→ **DATA IN THIS EXERCISE**

*** Begin section ***

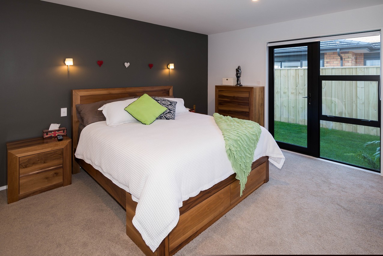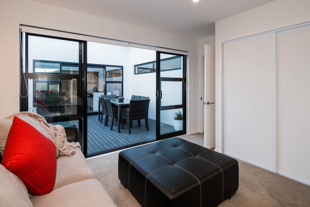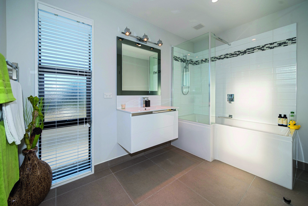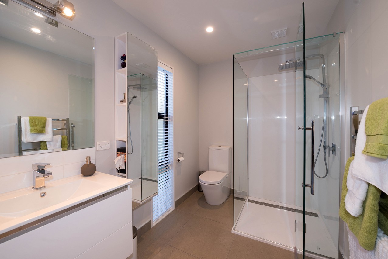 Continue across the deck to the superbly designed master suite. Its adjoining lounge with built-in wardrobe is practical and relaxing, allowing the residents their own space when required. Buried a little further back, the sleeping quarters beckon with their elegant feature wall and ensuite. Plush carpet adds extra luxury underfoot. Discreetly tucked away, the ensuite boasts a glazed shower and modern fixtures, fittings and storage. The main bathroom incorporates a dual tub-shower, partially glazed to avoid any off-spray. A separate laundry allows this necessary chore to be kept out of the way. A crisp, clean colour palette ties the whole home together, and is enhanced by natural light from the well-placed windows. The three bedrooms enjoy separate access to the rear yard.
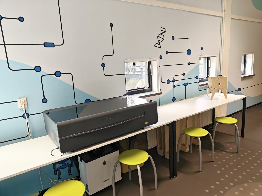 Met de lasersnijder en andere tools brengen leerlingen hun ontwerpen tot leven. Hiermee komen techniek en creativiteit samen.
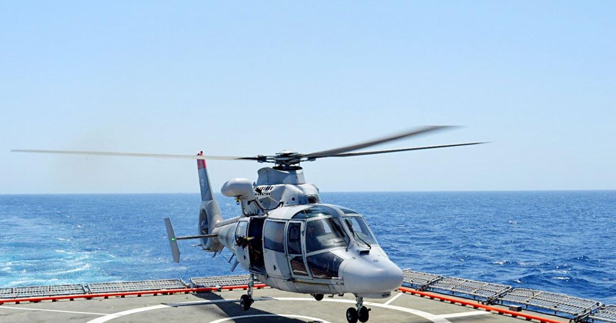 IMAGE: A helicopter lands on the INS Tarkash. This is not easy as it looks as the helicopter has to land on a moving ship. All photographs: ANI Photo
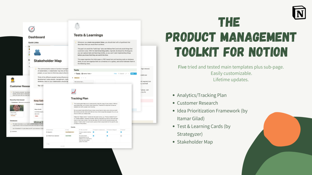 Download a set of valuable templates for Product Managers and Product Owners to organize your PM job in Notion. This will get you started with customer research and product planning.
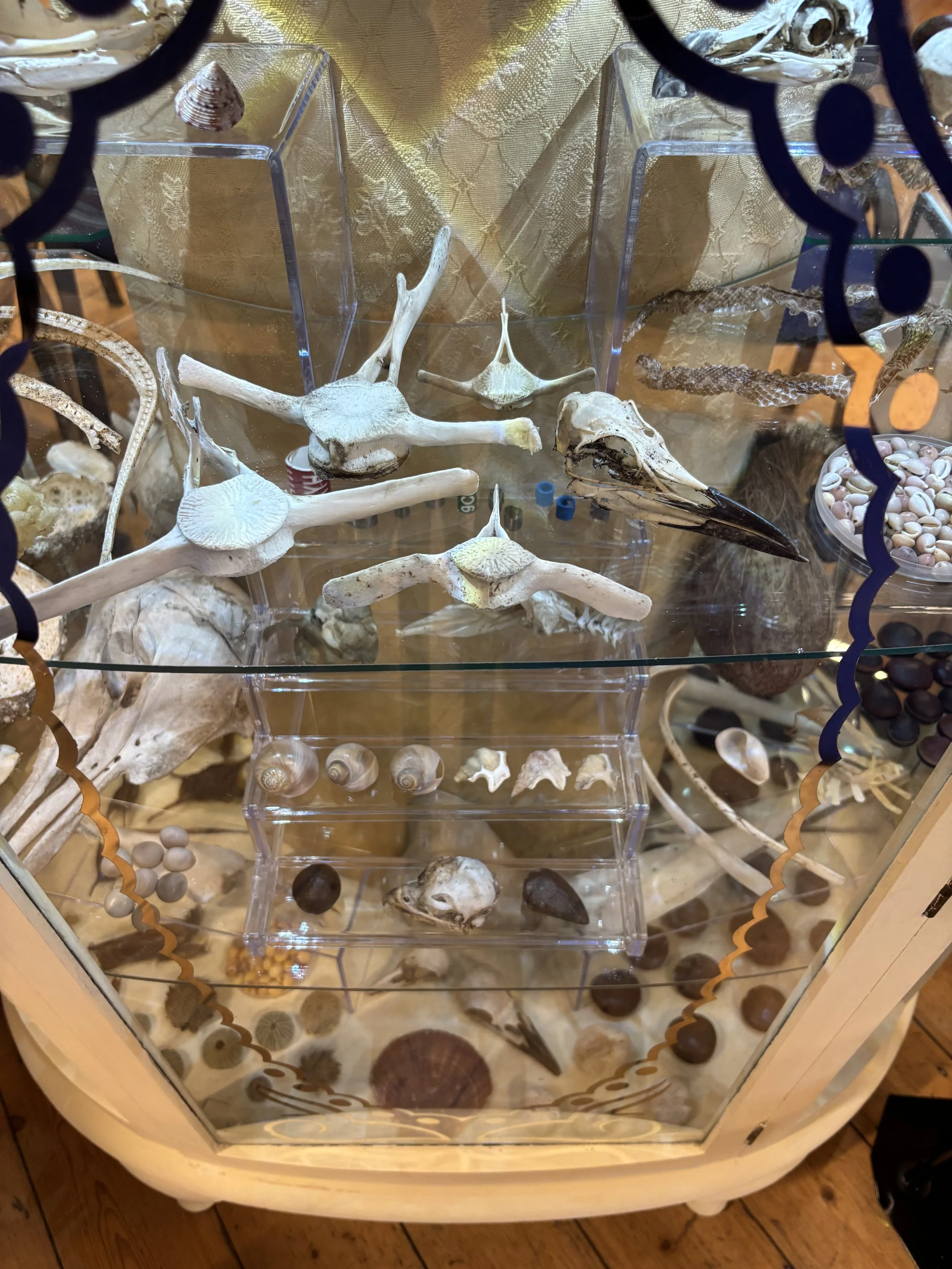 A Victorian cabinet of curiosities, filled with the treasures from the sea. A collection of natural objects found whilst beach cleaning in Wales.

*** End section ***
*** Begin section ***

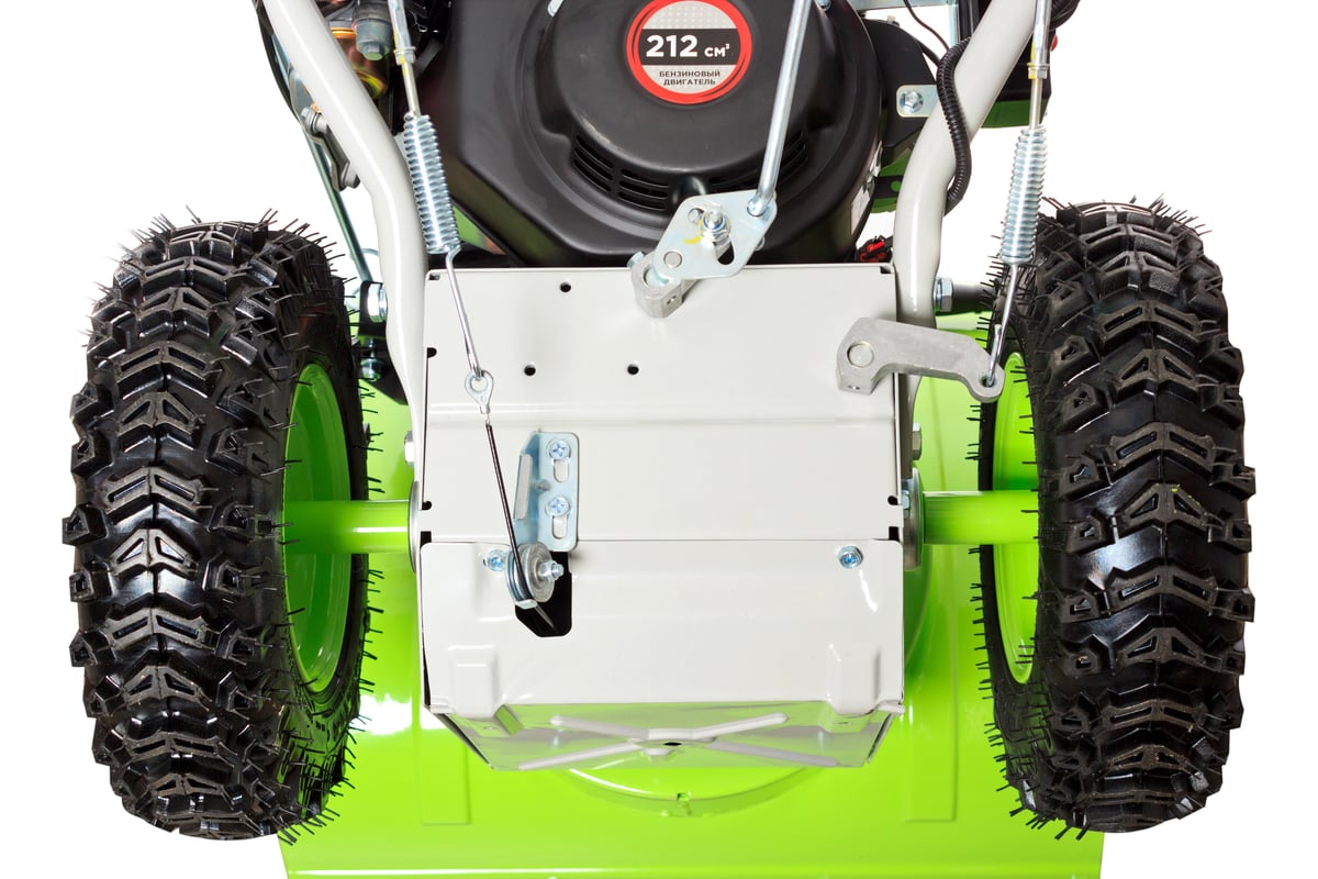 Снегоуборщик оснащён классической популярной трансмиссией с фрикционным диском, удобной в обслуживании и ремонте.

*** End section ***

→ **EXERCISE OBJECTIVE**
Of the lines above, quote exactly those from the one with "Met de lasersnijder" through the one with "Download a set", ends included; pictures stay out.

→ **ANSWER FOR THIS EXERCISE**
 Met de lasersnijder en andere tools brengen leerlingen hun ontwerpen tot leven. Hiermee komen techniek en creativiteit samen.
 IMAGE: A helicopter lands on the INS Tarkash. This is not easy as it looks as the helicopter has to land on a moving ship. All photographs: ANI Photo
 Download a set of valuable templates for Product Managers and Product Owners to organize your PM job in Notion. This will get you started with customer research and product planning.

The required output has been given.